▸ ABOUT THIS EXERCISE:
When the line containing "思茅實(shí)驗(yàn)" is found in the data below, copy it and each line after it through the line containing "SSG 안현민이 8일", exactly and with no others.

▸ RECORDS PROVIDED:
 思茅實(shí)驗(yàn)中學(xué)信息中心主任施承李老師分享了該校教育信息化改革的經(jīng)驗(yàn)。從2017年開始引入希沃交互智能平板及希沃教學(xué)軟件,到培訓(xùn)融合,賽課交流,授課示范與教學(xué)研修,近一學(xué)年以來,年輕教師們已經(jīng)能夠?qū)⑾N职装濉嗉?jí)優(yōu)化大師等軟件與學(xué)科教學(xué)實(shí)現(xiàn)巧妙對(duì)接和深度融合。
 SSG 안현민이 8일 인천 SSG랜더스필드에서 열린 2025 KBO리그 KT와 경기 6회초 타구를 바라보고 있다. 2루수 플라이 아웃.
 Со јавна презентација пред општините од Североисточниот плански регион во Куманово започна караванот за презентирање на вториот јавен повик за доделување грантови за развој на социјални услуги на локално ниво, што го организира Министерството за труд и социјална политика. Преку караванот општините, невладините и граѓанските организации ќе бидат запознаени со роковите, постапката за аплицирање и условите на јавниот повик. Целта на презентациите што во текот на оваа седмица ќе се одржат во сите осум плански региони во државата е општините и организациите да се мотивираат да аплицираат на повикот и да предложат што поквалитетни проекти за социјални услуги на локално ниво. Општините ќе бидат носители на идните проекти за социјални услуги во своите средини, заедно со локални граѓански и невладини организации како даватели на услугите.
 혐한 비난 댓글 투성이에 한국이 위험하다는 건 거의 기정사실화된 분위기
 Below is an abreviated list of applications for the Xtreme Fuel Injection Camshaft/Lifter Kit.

==

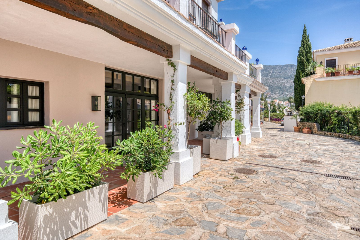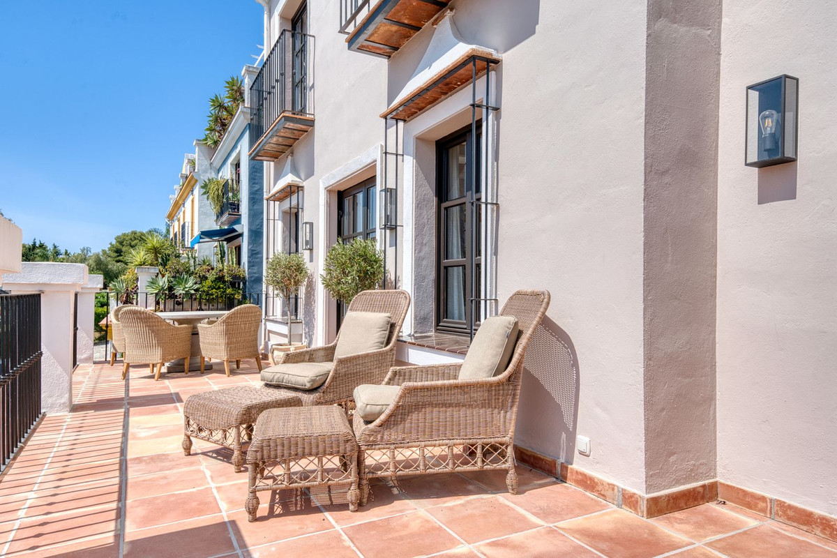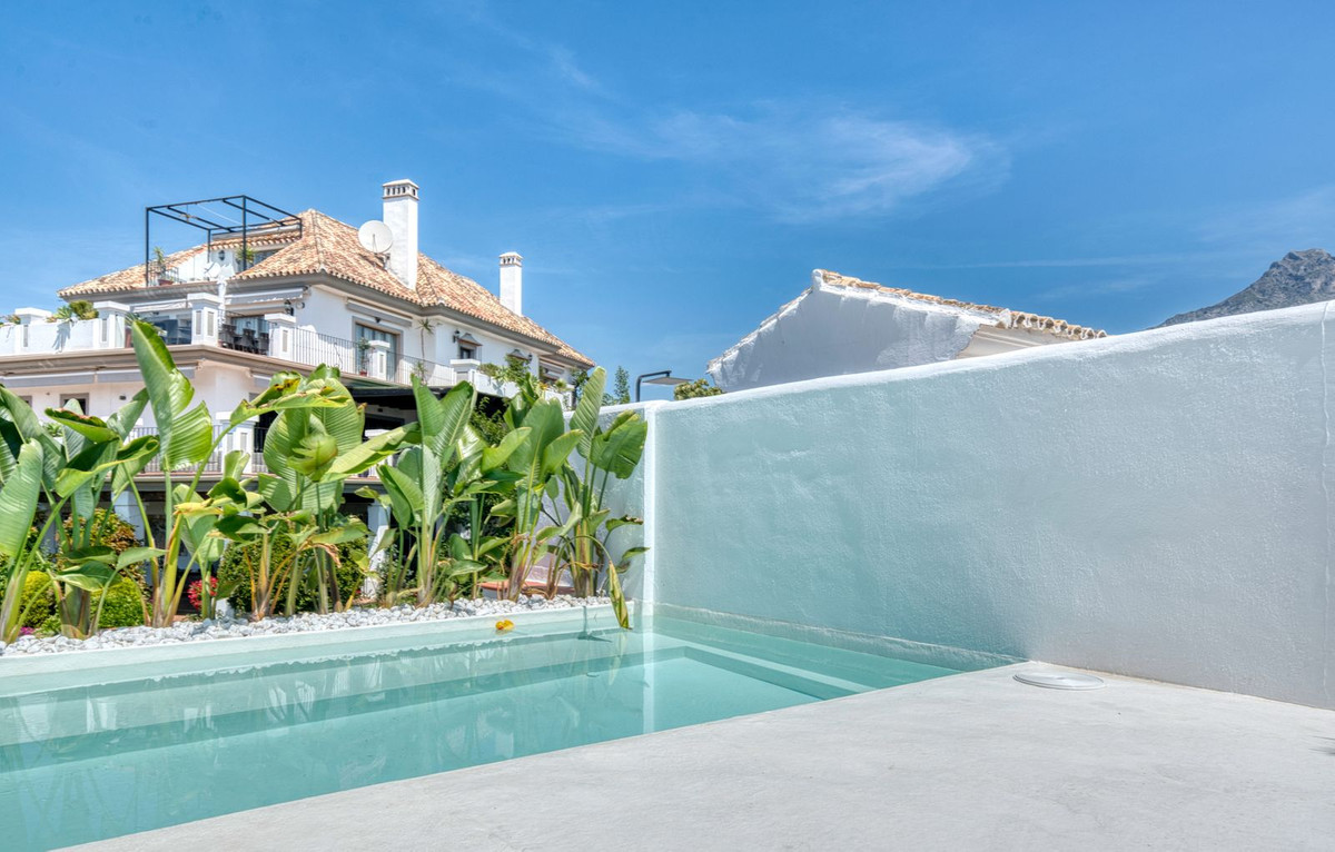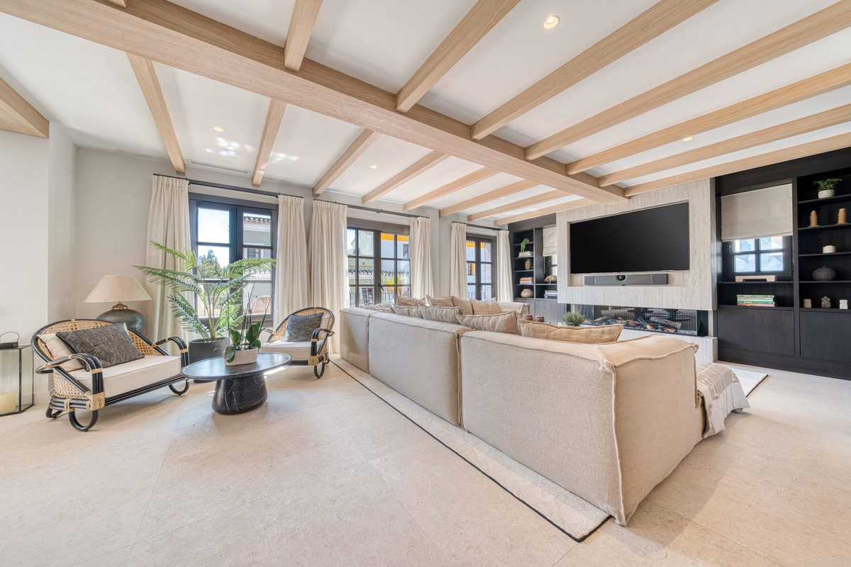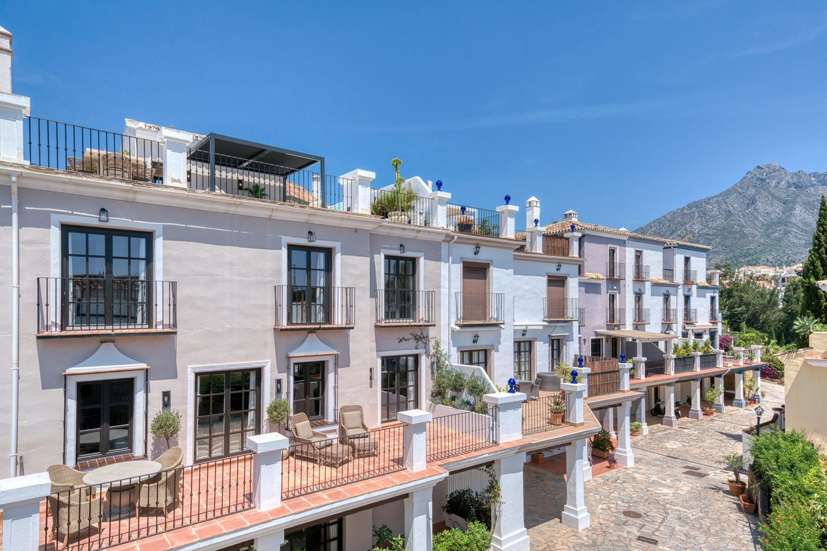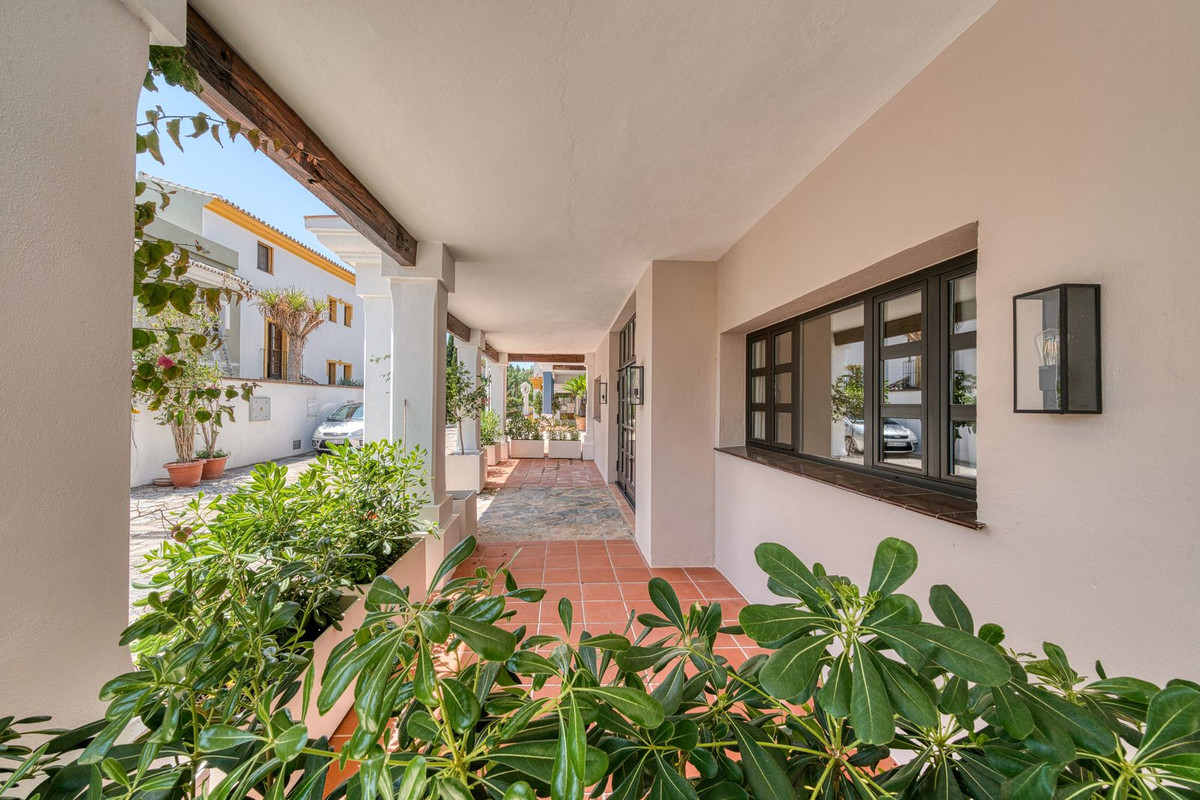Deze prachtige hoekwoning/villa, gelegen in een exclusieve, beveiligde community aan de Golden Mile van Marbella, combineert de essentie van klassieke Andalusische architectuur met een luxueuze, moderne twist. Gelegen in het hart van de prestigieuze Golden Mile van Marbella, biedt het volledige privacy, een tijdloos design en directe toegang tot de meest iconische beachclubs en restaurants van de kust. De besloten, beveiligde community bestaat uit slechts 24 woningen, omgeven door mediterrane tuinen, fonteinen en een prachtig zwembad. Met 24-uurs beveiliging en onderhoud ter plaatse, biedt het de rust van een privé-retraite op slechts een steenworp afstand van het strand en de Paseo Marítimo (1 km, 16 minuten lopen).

---

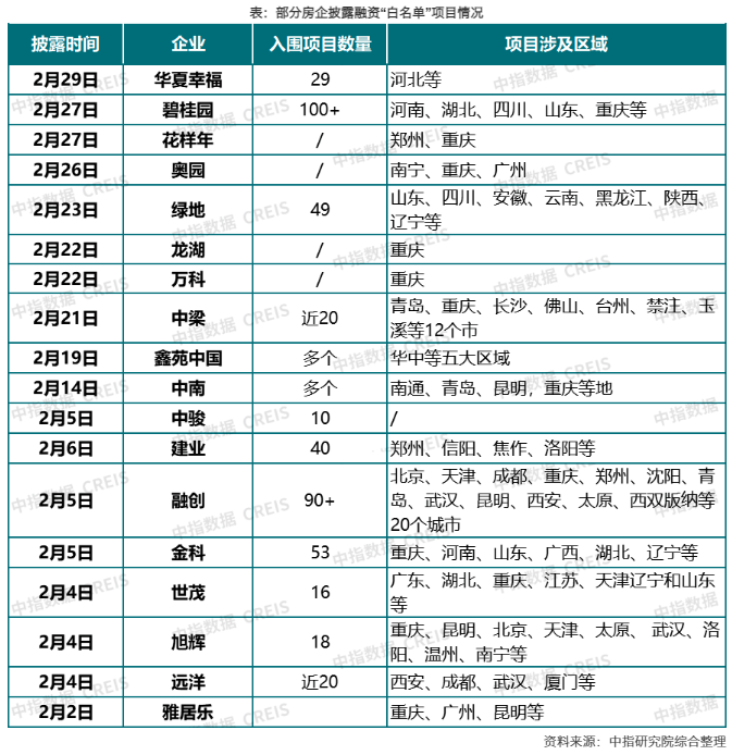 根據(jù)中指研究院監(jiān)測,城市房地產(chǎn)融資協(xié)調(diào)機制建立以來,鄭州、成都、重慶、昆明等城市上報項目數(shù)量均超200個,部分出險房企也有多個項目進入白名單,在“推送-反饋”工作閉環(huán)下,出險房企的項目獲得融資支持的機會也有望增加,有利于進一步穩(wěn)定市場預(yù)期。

▸ REPLY:
 思茅實(shí)驗(yàn)中學(xué)信息中心主任施承李老師分享了該校教育信息化改革的經(jīng)驗(yàn)。從2017年開始引入希沃交互智能平板及希沃教學(xué)軟件,到培訓(xùn)融合,賽課交流,授課示范與教學(xué)研修,近一學(xué)年以來,年輕教師們已經(jīng)能夠?qū)⑾N职装濉嗉?jí)優(yōu)化大師等軟件與學(xué)科教學(xué)實(shí)現(xiàn)巧妙對(duì)接和深度融合。
 SSG 안현민이 8일 인천 SSG랜더스필드에서 열린 2025 KBO리그 KT와 경기 6회초 타구를 바라보고 있다. 2루수 플라이 아웃.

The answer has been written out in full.